Louise Elizabeth Goddard (born 20 January 1950) professionally known as Liza Goddard, is an English television and stage actress, best known for her work in the 1970s and 1980s.

Early life
Goddard was born in Smethwick, Staffordshire. She is the daughter of David Goddard (1925–1992), who produced and directed numerous TV shows and programmes. She attended Farnham Girls' Grammar School, before her father moved the family to Australia, when she was 15, upon his appointment as Head of Drama at the Australian Broadcasting Corporation.

Career
Goddard made early television appearances in Australia, including episode 100 of Homicide ("The Traveller", 1966), and the ABC drama play Romanoff & Juliet (1967), and a brief (non-speaking, uncredited) appearance in the feature film They're A Weird Mob (1966). However, she is best remembered in Australia for her role as Clarissa "Clancy" Merrick in Skippy the Bush Kangaroo, in which she appeared in the first two series and 48 episodes.

After returning to the UK in 1969 as an adult, she was cast as Victoria Edgecombe, the character created by Terence Brady and Charlotte Bingham in Take Three Girls (1969), later appearing in its sequel Take Three Women (1982). She also had a supporting role in the 1972 comedy film Ooh… You Are Awful, starring Dick Emery. Her career breakthrough was as April in The Brothers (1972–76), which also featured her first husband, Colin Baker. She also appeared as Jocelyn in "National Pelmet", the Series 2 opener of the highly successful ITV drama Minder.

A comedy role alongside Donal Donnelly in Yes, Honestly (1976–77), by Terence Brady and Charlotte Bingham followed, as did a role with Christopher Biggins in a BBC1 sitcom Watch This Space (1980), by Ronald Chesney and Ronald Wolfe. This was followed by Pig in the Middle (1980–83) also written by Terence Brady and Charlotte Bingham.

Goddard was one of the 'explorers' who were 'evaporated' in a (now missing) episode of the BBC science fiction quiz programme The Adventure Game (1980), played a space pirate in the Doctor Who story Terminus (1983), and appeared in Roll Over Beethoven (1985), opposite Nigel Planer. She played Barbara Colport in the Tales of the Unexpected (TV series) episode (9/6) "Wink Three Times" (1988). She also played a humanist in the 1988 biographical film Testimony, starring Ben Kingsley. She then appeared in Woof!, a Children's ITV programme first broadcast in 1989. Her third husband, producer and director David Cobham, created this series.

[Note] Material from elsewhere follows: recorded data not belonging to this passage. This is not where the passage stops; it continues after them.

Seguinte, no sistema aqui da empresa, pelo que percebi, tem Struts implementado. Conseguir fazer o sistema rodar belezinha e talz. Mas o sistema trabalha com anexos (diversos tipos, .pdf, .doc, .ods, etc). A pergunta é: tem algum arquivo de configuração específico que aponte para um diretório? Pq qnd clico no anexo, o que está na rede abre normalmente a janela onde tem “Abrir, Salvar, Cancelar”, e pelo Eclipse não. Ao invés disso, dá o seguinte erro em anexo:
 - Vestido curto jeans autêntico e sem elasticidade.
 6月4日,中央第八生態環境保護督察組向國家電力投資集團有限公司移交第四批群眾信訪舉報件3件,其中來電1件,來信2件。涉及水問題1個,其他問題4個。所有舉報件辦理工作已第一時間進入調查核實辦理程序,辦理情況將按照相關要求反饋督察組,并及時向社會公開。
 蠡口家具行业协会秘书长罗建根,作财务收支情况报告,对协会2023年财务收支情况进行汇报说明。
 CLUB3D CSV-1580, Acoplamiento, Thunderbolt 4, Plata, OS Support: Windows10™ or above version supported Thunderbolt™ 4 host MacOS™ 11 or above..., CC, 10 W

She had earlier appeared in the TV adaptation of Brendon Chase, also produced and directed by Cobham.

For many years, she was also the female team leader on the long-running quiz/panel show Give Us A Clue, replacing Una Stubbs in the role.

She was the subject of This Is Your Life in 1984 when she was surprised by Eamonn Andrews at the Ambassador's Theatre in London.

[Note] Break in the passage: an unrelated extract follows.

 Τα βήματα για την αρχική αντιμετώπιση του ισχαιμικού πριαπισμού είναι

Goddard appeared as Laurel Manasotti in the ITV sitcom That's Love.

She later had a recurring role as Philippa Vale in Bergerac (featuring in four series between 1984 and 1989) and alongside Dawn French and Catherine Tate in Wild West (2002). In 2007 she appeared in the Midsomer Murders episode "A Picture of Innocence", reuniting her with Bergerac star John Nettles. In 2012 she had a cameo role in the all-star comedy film Run for Your Wife, and in 2013 she toured with the official Agatha Christie Theatre Company in Go Back for Murder, an adaptation of the book Five Little Pigs.

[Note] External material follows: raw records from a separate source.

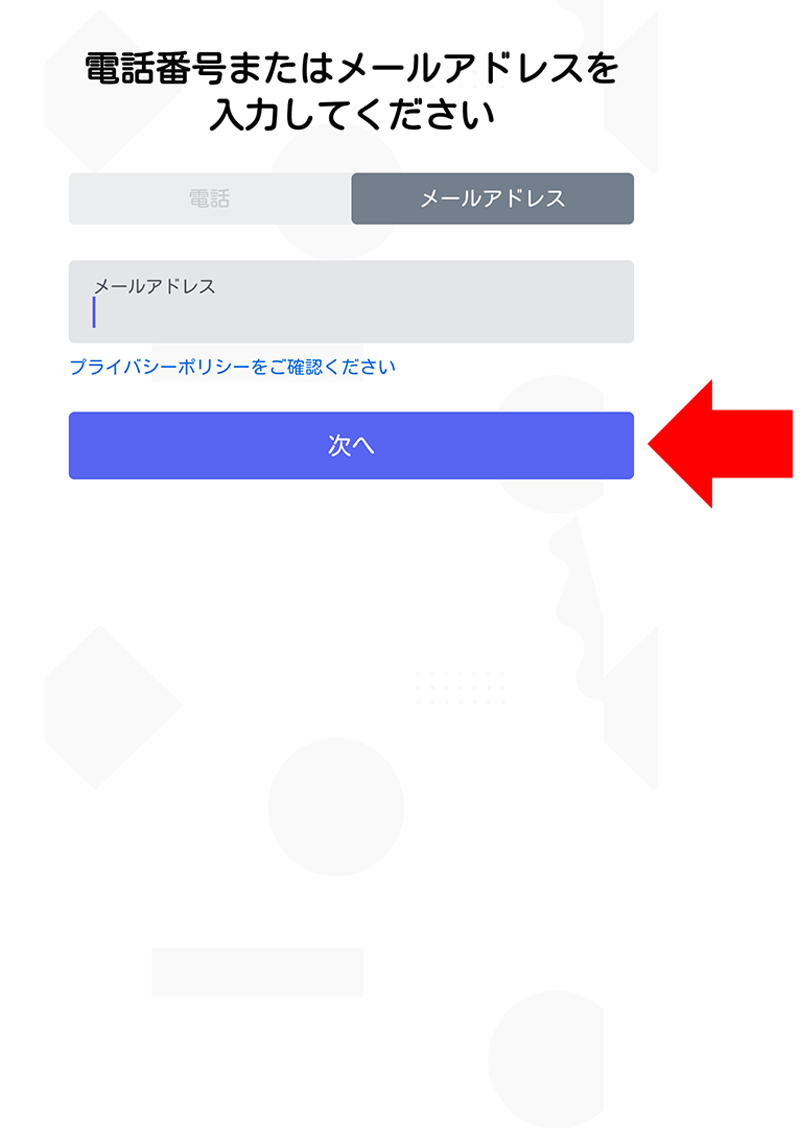 6. 電話番号またはメールアドレスを入力し、「次へ」を押します。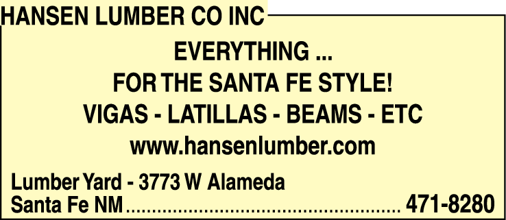 Names and Numbers Verified Building Materials Firewood Lumber - Retail Lumber - WholesaleHansen Lumber has been serving our customers in the northern New Mexico area since 1927. We are a family-owned and operated business that prides itself on the products we produce. We have the many years of experience needed to capture the Santa Fe Style look in the project you a…
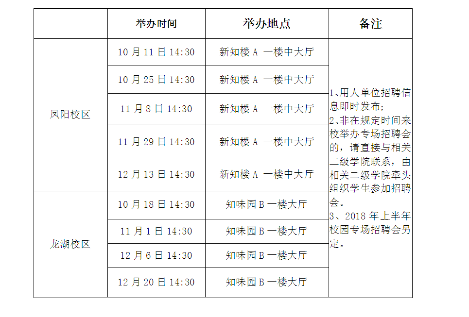 我校定于2017年11月18日举办2018届毕业生农科类大型就业洽谈会(凤阳校区),11月19日举办2018届毕业生秋季大型就业洽谈会(龙湖校区),2018年5月上旬举办2018届毕业生春季大型就业洽谈会,具体时间、报名方式等以学校十月中下旬左右发布的就业洽谈会邀请函为主。

In September 2016, Goddard played the guest role of Gloria Francis in the BBC1 drama series Casualty.

Personal life
Goddard's first marriage was to future Doctor Who actor Colin Baker. She also dated former Doctor Who companion Frazer Hines (who later appeared with Baker in the story "The Two Doctors"). Prior to marrying Baker, she had a son, Thom, from another relationship.

In 1981 she married pop star Alvin Stardust. Goddard's daughter from her marriage with Stardust, Sophie Jewry, was critically injured at the age of two months after she fell down a set of stairs and suffered a severe fracture of the skull. She later recovered from her injuries.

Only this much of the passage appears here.